Cell experiment:

Cell necrosis assay is performed in 96-well cell culture plate. 3,000 cells are plated in each well and cultured at 37℃ overnight. HT-29 cells are treated with 20 ng/mL TNFα/100 nM Smac Mimetics/20 μM z-VAD-FMK and RIPA-56 for 24 h. L929 cells are treated with 20 ng/mL TNFα/20 μM z-VAD-FMK and RIPA-56 for 6 h. The cell survival ratio is determined using the Cell Titer-Glo Luminescent Cell Viability Assay kit[1].

Animal experiment:

Mice: Following intraveneous (IV), intraperitoneal (IP), or oral administration (PO) of RIPA-56 to C57BL/6 mice (n=3), blood is sampled through eye puncture at various time points. Compound concentrations in the plasma samples are analyzed by LCMS/MS. Pharmacokinetic parameters are determined from individual animal data using noncompartmental analysis in phoenix 64[1].

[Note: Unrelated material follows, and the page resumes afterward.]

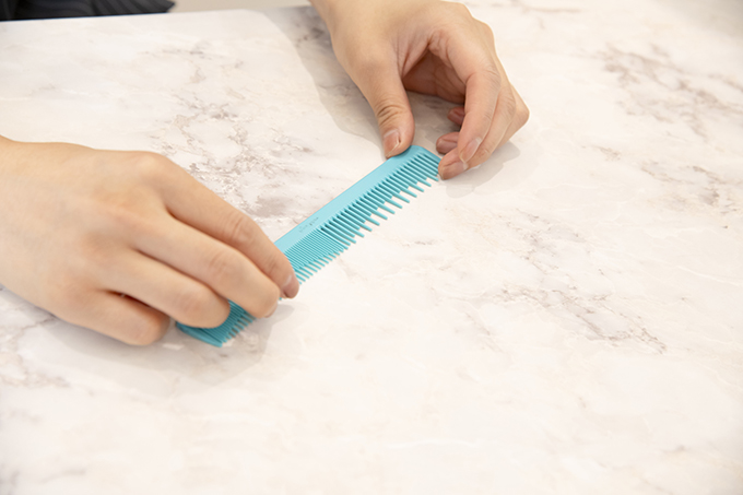 密歯だけのコームは梳かしにくさを感じる時がありますが、こちらは入口が粗歯なのでスピーディーにパネルが取れるし、毛束も掴んでくれる。縦スライスでも毛が落ちずにコームスルーできるので、今どきのレイヤースタイルのカットに最適。

RIPA-56 is a highly potent, selective, and metabolically stable inhibitor of receptor-interacting protein 1 (RIP1) with an IC50 of 13 nM.

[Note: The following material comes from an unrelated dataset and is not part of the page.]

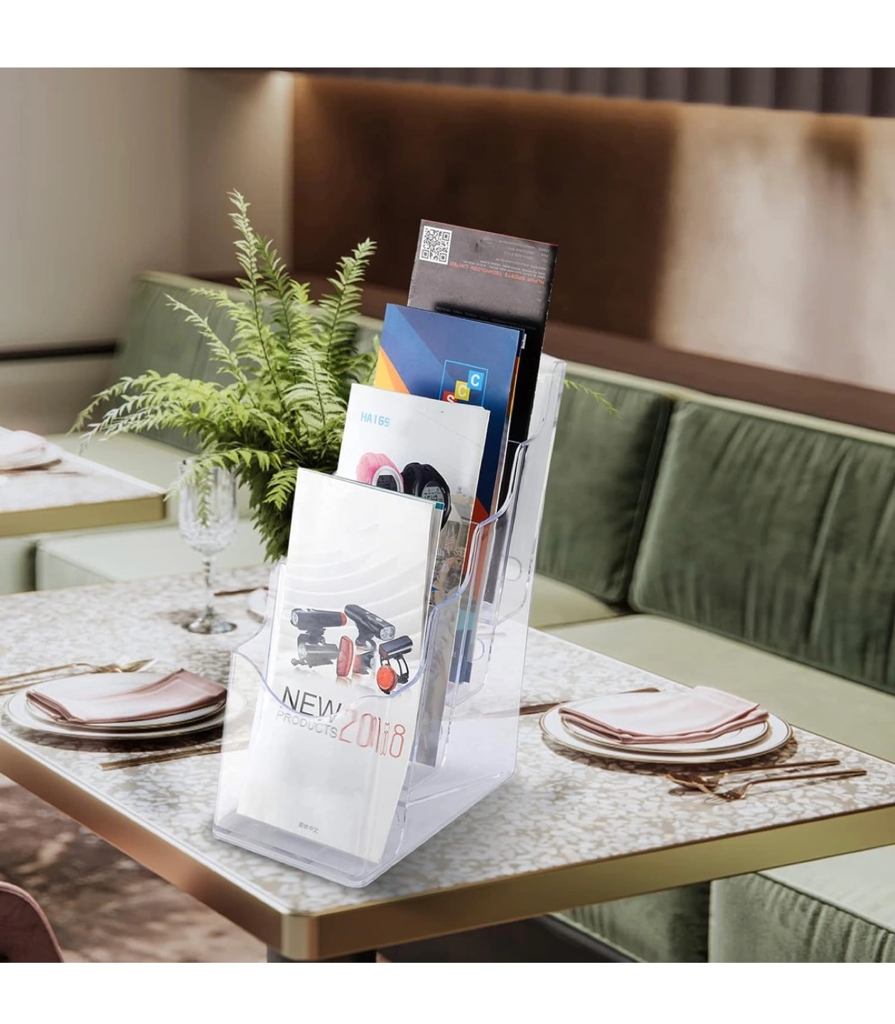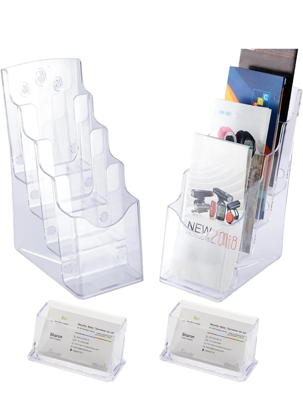 Four-tier brochure holder. Made of clear acrylic. Self-standing design. Anti-slip slots. Perfect for organizing brochures, pamphlets, or business cards. Measures approximately 10 inches tall, 6.5 inches wide, and 4.5 inches deep.

RIPA-56 has a half-life of 128 min in human liver microsomal stability assays and an EC50 of 28 nM in TSZ-induced HT-29 necrosis assay. RIPA-56 also demonstrates potency in protection of murine L929 cells from TZ-induced necrosis (EC50=27 nM). RIPA-56 shows efficient inhibition of RIP1 kinase activity, with an IC50 of 13 nM and no inhibition of RIP3 kinase activity at a 10 μM concentration. RIPA-56 could form tight hydrophobic interactions with RIP1 through both the phenyl group and the 2,2-dimethylbutyl group, and form two important hydrogen bonds[1].

In the SIRS mice disease model, RIPA-56 efficiently reduces tumor necrosis factor alpha (TNFα)-induced mortality and multi-organ damage. Compared to known RIP1 inhibitors, RIPA-56 is potent in both human and murine cells, is much more stable in vivo, and is efficacious in animal model studies. RIPA-56 has an impressive PK profile in mice with a 3.1 h half-life, 22% oral bioavailability (P.O.), and 100% bioavailability from intraperitoneal injection (I.P.)[1].

[1]. Ren Y, et al. Discovery of a Highly Potent, Selective, and Metabolically Stable Inhibitor of Receptor-InteractingProtein 1 (RIP1) for the Treatment of Systemic Inflammatory Response Syndrome. J Med Chem. 2017 Feb 9;60(3):972-986.